Chapter 1 Sets
All subjects have to start from somewhere, and we’ll start our work at sets. The authors believe that you, the reader, will have all seen some basic bits of set-theory before you got to this text. We hope we can safely assume 4 that you have at least some passing familiarity with sets, intersections, unions, Venn diagrams (those famous overlapping circle pictures), and so forth. Based on this assumption, we will move quite quickly through an introduction to this topic and do our best to get you to new material. We really want to get you proving things as quickly as possible.

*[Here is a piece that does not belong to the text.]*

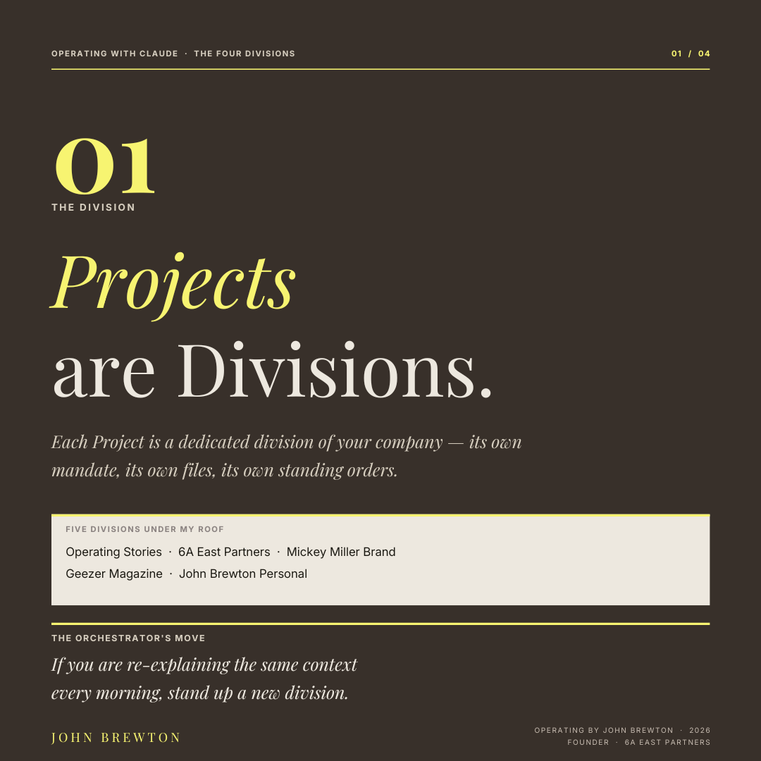 A Project is a division of your company. Each division has its own mandate, its own files, its own institutional memory, and its own standing orders.

Set theory now appears so thoroughly throughout mathematics that it is difficult to imagine how Mathematics could have existed without it. It might be surprising to note that set theory is a much newer part of mathematics than calculus. Set theory (as its own subject) was really only invented in the 19th Century — primarily by Georg Cantor 5 Really mathematicians were using sets well before then, just without defining things quite so formally.
Since it (and logic) will form the underpinning of all the structures we will discuss in this text it is important that we start with some definitions. We should try to make them as firm and formal as we can.
Assumptions can be dangerous, and in general we will avoid them, or at least do our best to be honest with the reader that we are making an assumption.
A mathematician we will discuss in much more detail in footnotes much like this much later in the text when we get to the topic of Cardinality in Chapter Chapter 12. We will also try to reduce the overuse of the word “much” as much as possible.